Incident Management Dashboard
The Incident Management Dashboard provides a centralized interface for monitoring and managing alarms generated in the target environment. This dashboard enables administrators to maintain real-time visibility into components' health, prioritize incidents, and perform faster root-cause analysis. By consolidating alarms and metrics in one view, this dashboard supports efficient troubleshooting and helps prevent minor issues from escalating into critical outages. This dashboard is organized into three distinct tabs:
Alarms - Displays active alarms to track ongoing issues.
Metrics - Shows the history of alarms during the configured duration.
Unknown Alarms - Lists unclassified alarms that require further investigation.
To access the Incident Management dashboard, click on the
icon available in the Monitor tab. Then, select the Incident Management option in the Alarms tile.
Alarms
By default, the Alarms tab page will be displayed as soon as you access the Incident Management dashboard (see Figure 2):
Figure 2 : The Incident Management dashboard
-
The Alarms tab lists all alarms raised for all managed components in the target environment (see Figure 2). If required, you can build filter conditions using this page so that, you can selectively view the alarms.
-
The first step towards building these filter conditions is selecting a basis for the filter. The Show drop-down list provides the filter options for viewing alarms in the Alarms tab. By default, the All Alarms option is selected from this list indicating that details of all alarms will be displayed in this tab. However, you can select other options discussed below as per your interest:
-
All Alarms with Correlation – selecting this option will list the correlated alarms that are grouped together to show dependencies or root cause.
-
Acknowledged Alarms – selecting this option will show the alarms that administrators have already acknowledged.
-
Unacknowledged Alarms – selecting this option will list the alarms that have not yet been acknowledged.
-
-
Next, pick an option from the Filter By list to filter the alarms based on its Priority, Component Type, Services, Segments and Zones. The options available here are as follows:
-
Priority - By default, the Priority option is selected from the Filter By list indicating that the alarms are listed based on their priority, with critical alarms listed at the top. When the Priority option is selected, a Priority list appears, allowing you to filter alarms by a specific priority. By default, the Priority list is set to All indicating that the alarms of all priorities are listed by default (see Figure 2). However, you can choose the priority of your interest to view only the corresponding alarms. For example, if you wish to view the major alarms, select the Major option from the Priority list and the major alarms will be displayed as shown in Figure 3.
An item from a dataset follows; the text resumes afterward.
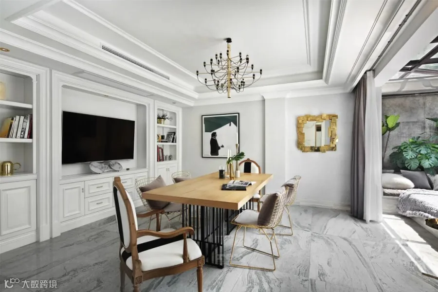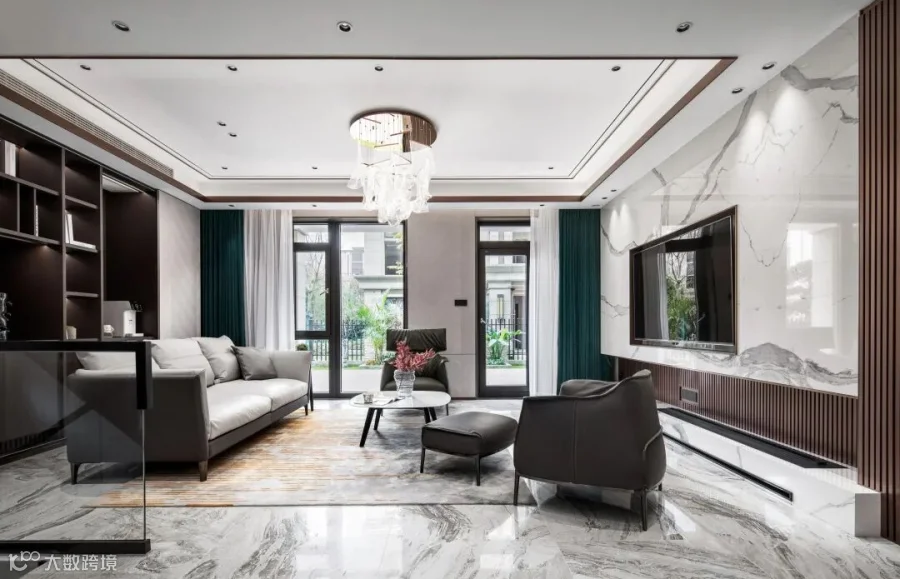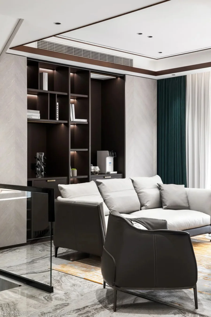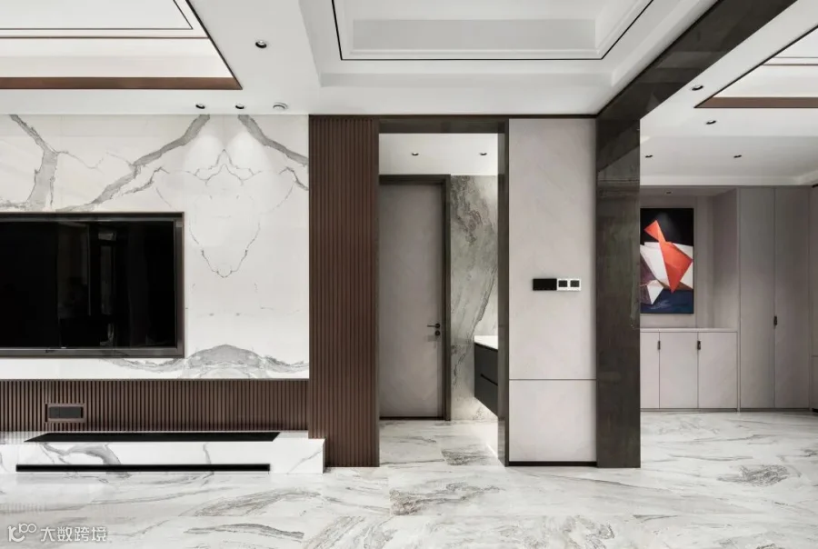 电视机背景墙由白色大理石铺展,璞玉般温润的肌理细细描绘着山水墨纹,不需要人工加以修饰,还原纯粹本真。背景墙以格栅之形勾勒,疏而不透,其棕色纹理与对面的墙柜相衬,同皮质软装的碰撞中提升了精致的生活格调。
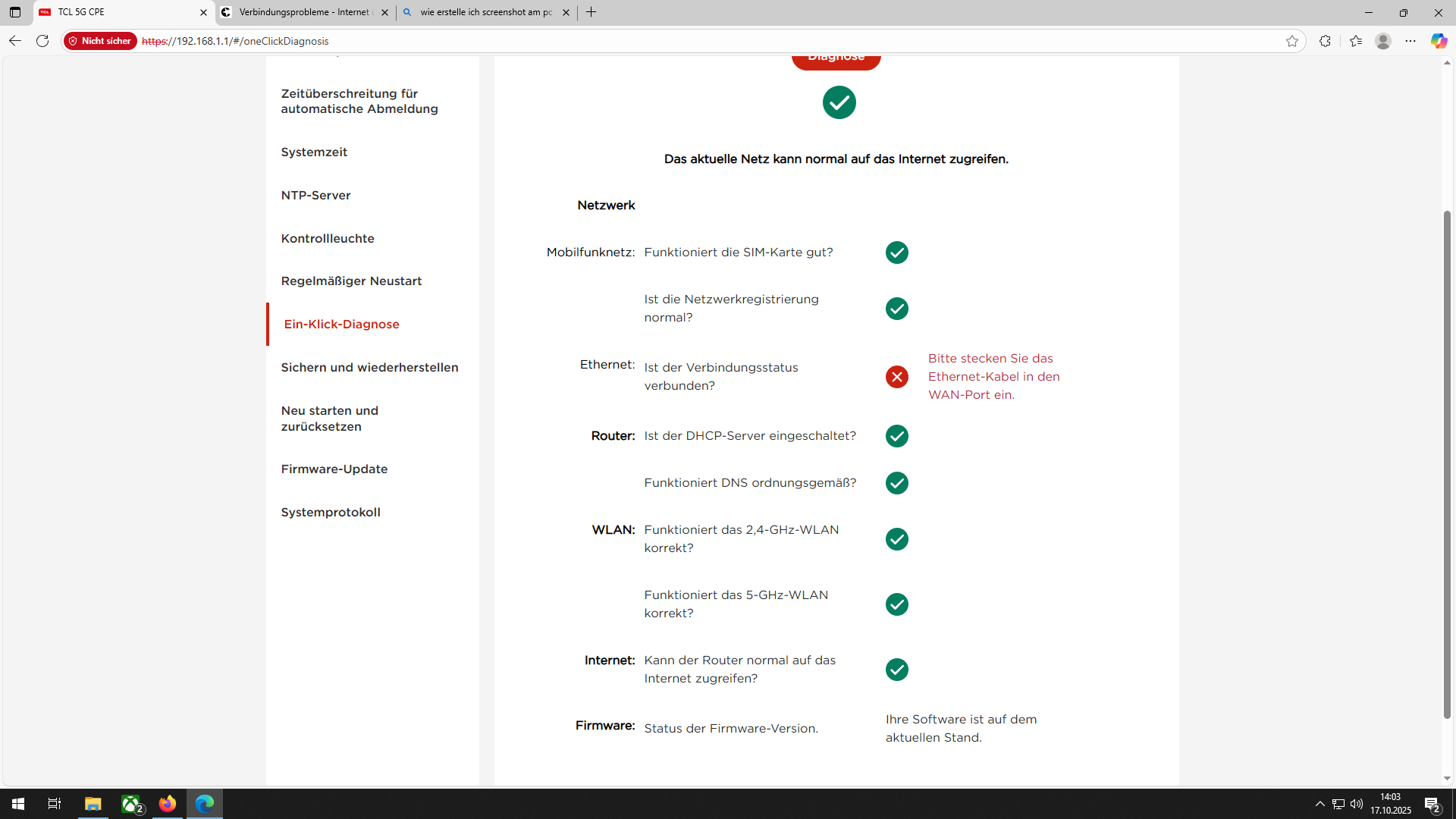 Habe etwas herausgefunden. Die Ein-Klick-Diagnose sagt folgendes: Das Kabel ist natürlich normal drin im WAN - Port.

Figure 3 : The alarms listed based on the chosen priority
The details pertaining to every alarm such as the component type, name of the component, alarm description, name of the layer and start time of the alarms are displayed. Every row of alarm information will be accompanied by a colored indicator, that indicates the corresponding alarm priority. Critical alarms will be of the color red, major alarms will be in orange, and the minor ones come in yellow. The rows are also provided with icons for accessing the detailed diagnosis (if available) and viewing measure graphs. Additionally, a drop-down icon in each row can be expanded to display the complete details of the selected alarm as shown in Figure 4.
-
Component Type : Selecting this option from the Filter by list will invoke a Component Type list that lists all the managed component types in the environment. If you want to view the alarm history of a particular component-type, pick that type from the Component Type list, the alarms generated for the chosen component type will displayed as shown in .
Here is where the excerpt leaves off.